§ PROBLEM STATEMENT
The entries below must be retyped exactly. Pictures are to be omitted.

* * *

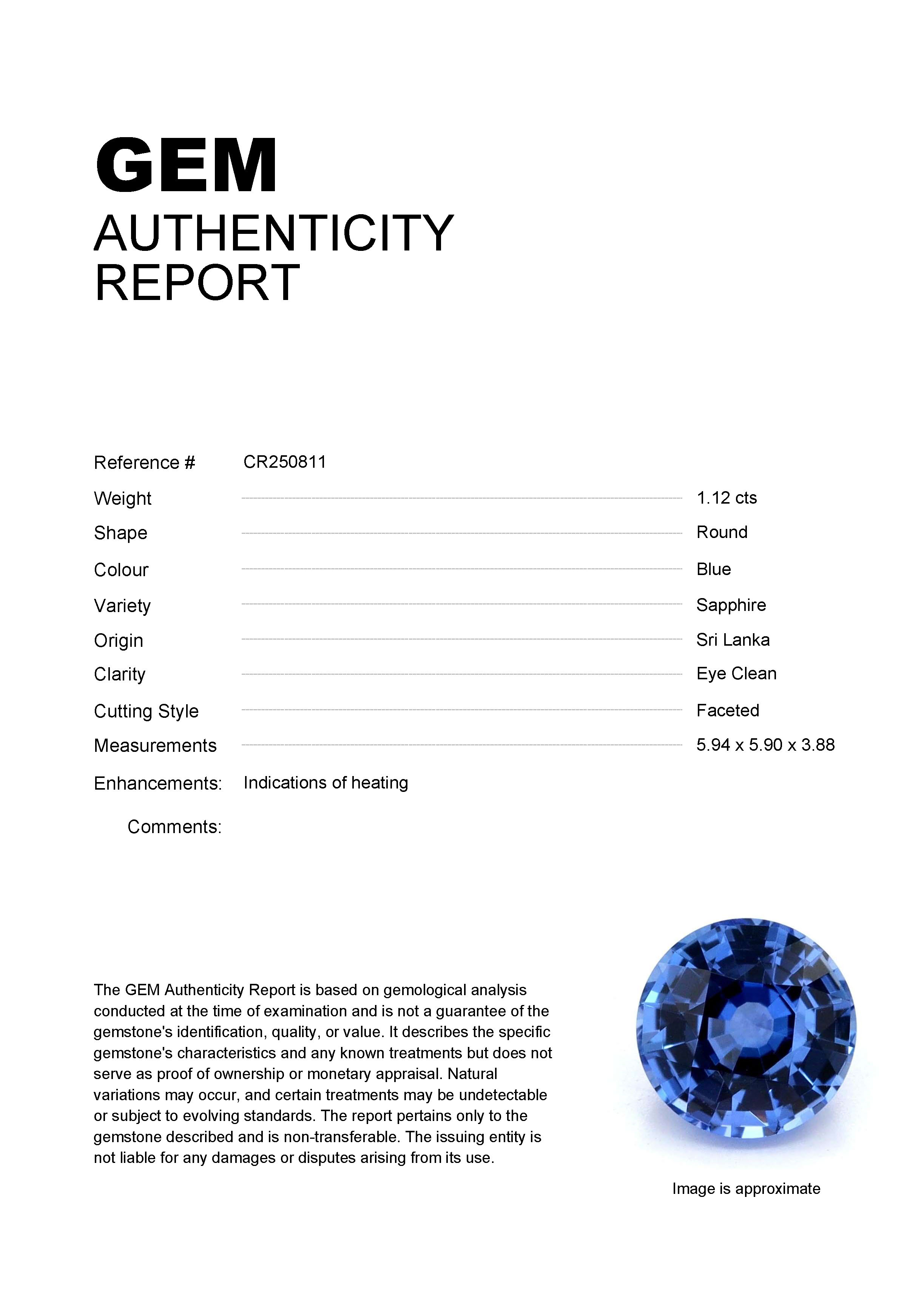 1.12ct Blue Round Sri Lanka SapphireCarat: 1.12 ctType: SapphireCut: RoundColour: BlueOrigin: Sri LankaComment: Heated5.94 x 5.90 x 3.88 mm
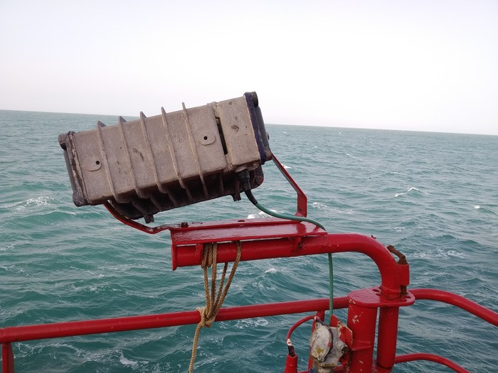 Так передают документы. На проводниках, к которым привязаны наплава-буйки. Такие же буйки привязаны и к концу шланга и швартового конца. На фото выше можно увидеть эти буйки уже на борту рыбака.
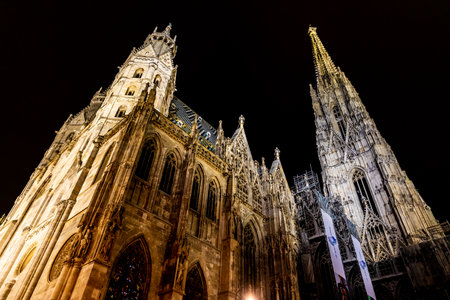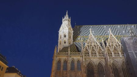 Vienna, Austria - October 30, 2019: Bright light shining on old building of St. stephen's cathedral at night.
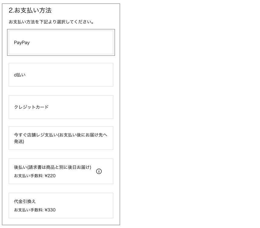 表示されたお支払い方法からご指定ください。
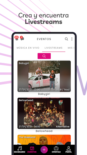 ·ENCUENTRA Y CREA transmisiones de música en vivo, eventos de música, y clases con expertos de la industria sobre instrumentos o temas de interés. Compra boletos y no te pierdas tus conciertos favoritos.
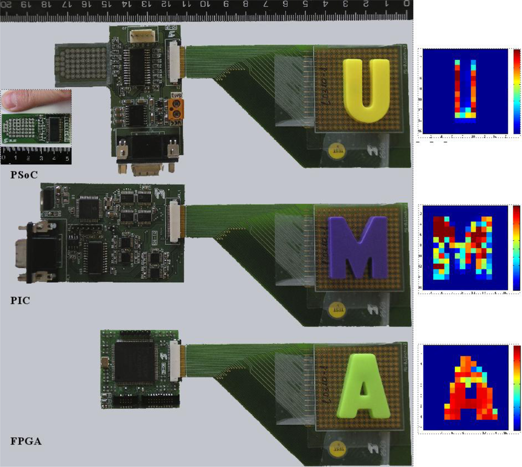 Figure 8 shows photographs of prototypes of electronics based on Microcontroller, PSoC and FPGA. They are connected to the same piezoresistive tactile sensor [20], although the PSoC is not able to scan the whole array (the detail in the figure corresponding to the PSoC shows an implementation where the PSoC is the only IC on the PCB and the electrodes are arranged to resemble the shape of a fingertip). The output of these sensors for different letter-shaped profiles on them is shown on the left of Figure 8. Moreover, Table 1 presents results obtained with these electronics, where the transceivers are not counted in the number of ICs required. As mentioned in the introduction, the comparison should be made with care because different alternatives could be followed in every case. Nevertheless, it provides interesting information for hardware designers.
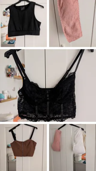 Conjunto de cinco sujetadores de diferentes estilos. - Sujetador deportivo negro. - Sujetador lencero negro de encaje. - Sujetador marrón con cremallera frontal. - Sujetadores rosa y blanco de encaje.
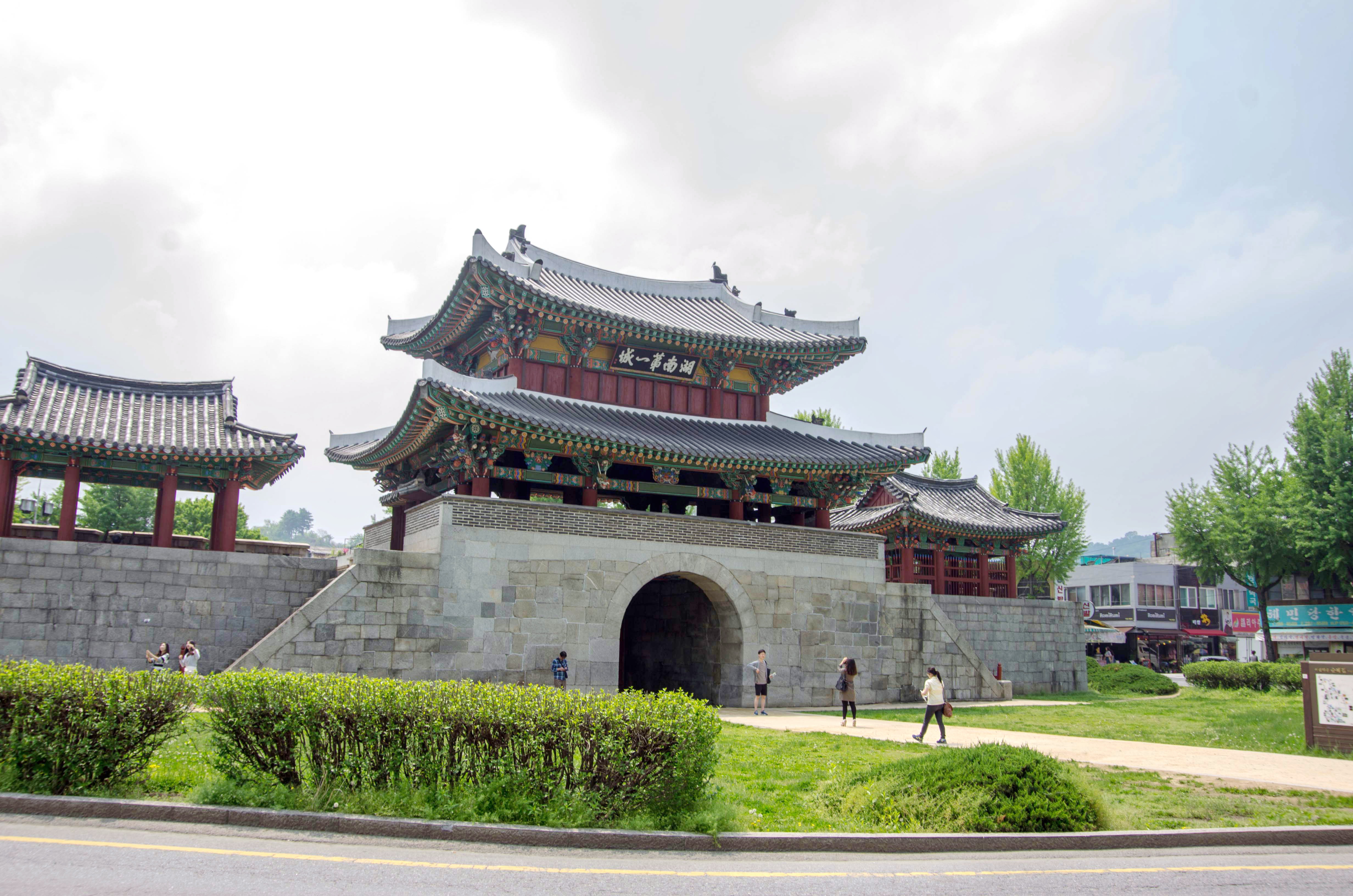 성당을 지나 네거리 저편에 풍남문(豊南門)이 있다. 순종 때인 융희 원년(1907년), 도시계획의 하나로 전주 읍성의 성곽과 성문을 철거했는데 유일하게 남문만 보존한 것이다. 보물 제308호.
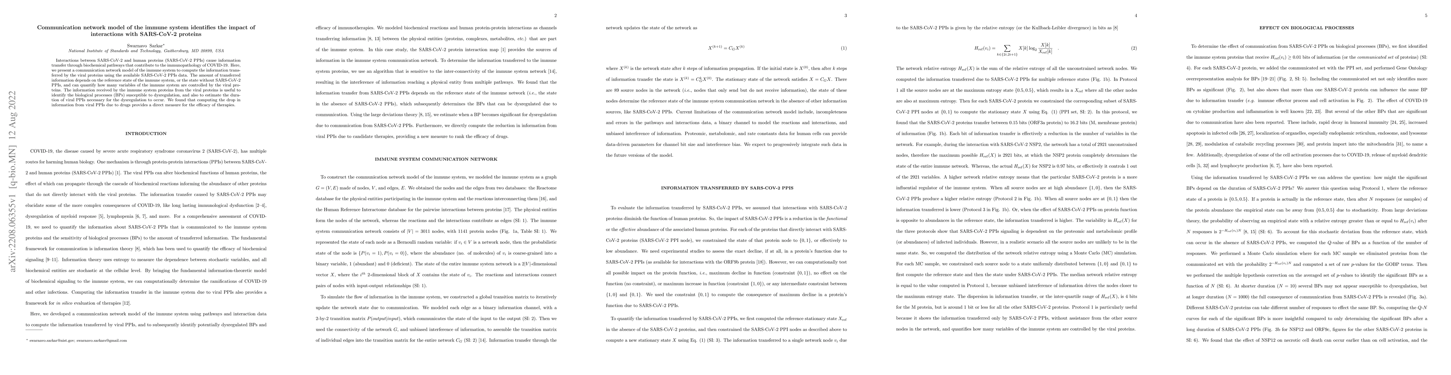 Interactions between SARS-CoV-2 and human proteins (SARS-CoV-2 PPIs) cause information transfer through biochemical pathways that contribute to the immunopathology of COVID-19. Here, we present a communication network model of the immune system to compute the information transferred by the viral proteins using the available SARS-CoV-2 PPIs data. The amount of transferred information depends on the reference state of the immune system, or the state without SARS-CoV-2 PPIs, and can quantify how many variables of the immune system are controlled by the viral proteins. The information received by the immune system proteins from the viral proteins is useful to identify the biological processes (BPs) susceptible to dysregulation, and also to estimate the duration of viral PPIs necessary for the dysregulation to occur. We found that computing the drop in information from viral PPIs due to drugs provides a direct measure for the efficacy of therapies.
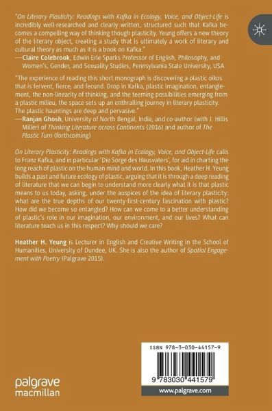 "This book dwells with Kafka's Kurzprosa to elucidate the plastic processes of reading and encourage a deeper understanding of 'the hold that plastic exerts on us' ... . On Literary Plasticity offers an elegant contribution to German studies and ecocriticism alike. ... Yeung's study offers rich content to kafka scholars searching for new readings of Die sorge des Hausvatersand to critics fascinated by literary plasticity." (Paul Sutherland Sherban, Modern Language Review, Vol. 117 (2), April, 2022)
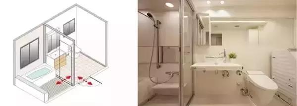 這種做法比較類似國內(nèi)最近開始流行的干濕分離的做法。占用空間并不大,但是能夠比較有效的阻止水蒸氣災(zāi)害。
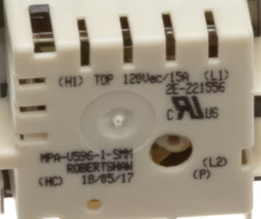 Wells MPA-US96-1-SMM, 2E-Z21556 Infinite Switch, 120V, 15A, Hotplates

* * *

§ OUTPUT BELOW
 1.12ct Blue Round Sri Lanka SapphireCarat: 1.12 ctType: SapphireCut: RoundColour: BlueOrigin: Sri LankaComment: Heated5.94 x 5.90 x 3.88 mm
 Так передают документы. На проводниках, к которым привязаны наплава-буйки. Такие же буйки привязаны и к концу шланга и швартового конца. На фото выше можно увидеть эти буйки уже на борту рыбака.
 Vienna, Austria - October 30, 2019: Bright light shining on old building of St. stephen's cathedral at night.
 表示されたお支払い方法からご指定ください。
 ·ENCUENTRA Y CREA transmisiones de música en vivo, eventos de música, y clases con expertos de la industria sobre instrumentos o temas de interés. Compra boletos y no te pierdas tus conciertos favoritos.
 Figure 8 shows photographs of prototypes of electronics based on Microcontroller, PSoC and FPGA. They are connected to the same piezoresistive tactile sensor [20], although the PSoC is not able to scan the whole array (the detail in the figure corresponding to the PSoC shows an implementation where the PSoC is the only IC on the PCB and the electrodes are arranged to resemble the shape of a fingertip). The output of these sensors for different letter-shaped profiles on them is shown on the left of Figure 8. Moreover, Table 1 presents results obtained with these electronics, where the transceivers are not counted in the number of ICs required. As mentioned in the introduction, the comparison should be made with care because different alternatives could be followed in every case. Nevertheless, it provides interesting information for hardware designers.
 Conjunto de cinco sujetadores de diferentes estilos. - Sujetador deportivo negro. - Sujetador lencero negro de encaje. - Sujetador marrón con cremallera frontal. - Sujetadores rosa y blanco de encaje.
 성당을 지나 네거리 저편에 풍남문(豊南門)이 있다. 순종 때인 융희 원년(1907년), 도시계획의 하나로 전주 읍성의 성곽과 성문을 철거했는데 유일하게 남문만 보존한 것이다. 보물 제308호.
 Interactions between SARS-CoV-2 and human proteins (SARS-CoV-2 PPIs) cause information transfer through biochemical pathways that contribute to the immunopathology of COVID-19. Here, we present a communication network model of the immune system to compute the information transferred by the viral proteins using the available SARS-CoV-2 PPIs data. The amount of transferred information depends on the reference state of the immune system, or the state without SARS-CoV-2 PPIs, and can quantify how many variables of the immune system are controlled by the viral proteins. The information received by the immune system proteins from the viral proteins is useful to identify the biological processes (BPs) susceptible to dysregulation, and also to estimate the duration of viral PPIs necessary for the dysregulation to occur. We found that computing the drop in information from viral PPIs due to drugs provides a direct measure for the efficacy of therapies.
 "This book dwells with Kafka's Kurzprosa to elucidate the plastic processes of reading and encourage a deeper understanding of 'the hold that plastic exerts on us' ... . On Literary Plasticity offers an elegant contribution to German studies and ecocriticism alike. ... Yeung's study offers rich content to kafka scholars searching for new readings of Die sorge des Hausvatersand to critics fascinated by literary plasticity." (Paul Sutherland Sherban, Modern Language Review, Vol. 117 (2), April, 2022)
 這種做法比較類似國內(nèi)最近開始流行的干濕分離的做法。占用空間并不大,但是能夠比較有效的阻止水蒸氣災(zāi)害。
 Wells MPA-US96-1-SMM, 2E-Z21556 Infinite Switch, 120V, 15A, Hotplates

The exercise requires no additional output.